う~ん、、、かえって、わけ分らない???
まぁ、日本舞踊をされている方でも、そういった意識をしていない人は多いでしょうから、
今回のお話が上手く伝わるかどうか?
ちょっと前途多難です。。。
でも、気を取り直して進めていきましょう!
身体のことって、見た目ではなかなか本当のことが見えてこないんですよね。
内股にするのは、今どきの女性に多いですよね?
かわいく見えるとか、脚が細く見えるとか、そんな理由があって故意に内股にしている人も多いんでしょうね。
実際、内股にしますと筋力使わなくて済むんですよね。
つっかえ棒的に支えられますものね。
かわいいというのは、イコール弱い(弱さのアピール)とうことだと、私は思ってるんですけど、
内股や内肘(肘を内側に絞って手を外側にする、いわゆるお人形さんの腕の形)は、
まさに典型的な形。
逆の形を考えれば分りますよね?
膝が外に開いて肘も外に張っていたら、強そうですものね?
で、この弱さは本当に筋力を使わなさ過ぎの弱さでして、
一見楽そうなんですけど、関節に偏りのある負担が掛かっていますから、
やがて膝や股関節、腰など(外反母趾なども)が故障の憂き目に遭うわけです。
身体をつっかえ棒のように使えば、当然つっかえ棒の両端に過度の荷重がかかります。
逃げ場がないんですね。
と、こんなわけですから、女形まで身体に悪そうな感じがしてしまうのかもしれませんけれど、
冒頭で述べましたように、実はこの内股は膝が外を向いているんです。
実際に外に向いているかどうかというよりも、
外に向けようとしなくてはいけないということなんです。
日本舞踊では「太ももの内側を強く擦り合わせなさい」というようなことを言われますけれど、
このようにしますと、
太ももの内側を擦り合わせるようなエネルギーは後ろから前に押し出す形になるんですね。
これを内に絞る感じで行なってしまいますと、
前から後ろに押し付ける形になってしまいまして、動きづらくなってしまい、
力みが生まれますから、動きが硬くなってしまうんです。
空手と一緒ではないかと私は思ってるんです。
空手でも内股の姿勢が印象ですけれど、私はあれは股関節に強い外旋力をかける鍛錬法だと思うんですね。
ちなみに、膝(足先)を外向きにした状態で外旋力をかけますと、ちょっと心もとない感じになりやすいんですね。

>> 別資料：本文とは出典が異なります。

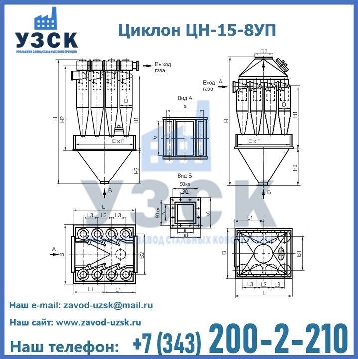 | ЦИКЛОН ЦН-15-500х8УП | 2150 | 1850 | 1188 | 340 | 1230 | 580 | 300 | 440 | 3032 |

何しろ足先から股関節まで全てを同じ方向に回すわけですから。
その点、内股で外旋力をかけるのは、しっくりくるんです。(どうして、しっくりくるかと言いますと、それは関節が適切な位置から外れずに働いてくれるからなんです。)
もちろん、足裏も大事になってきますけれど、それはまた別の機会に。
そしてこれは、強い力を必要としながら、力むことには決してならなんですね。
このような感じで、女形は内股に外旋力をかけることで、足元からお腹まで中心に力が集まるようになっていますから、一般の女性の内股とは全く違うんです。
真逆と言ってもいいかもしれませんね。
とまぁ、偉そうにお話していますけれど、これに気がついて本当に納得して出来るようになるのに、どれだけの年数がかかったか・・・。
身体のことって、見た目ではなかなか本当のことが見えてこないんですよね。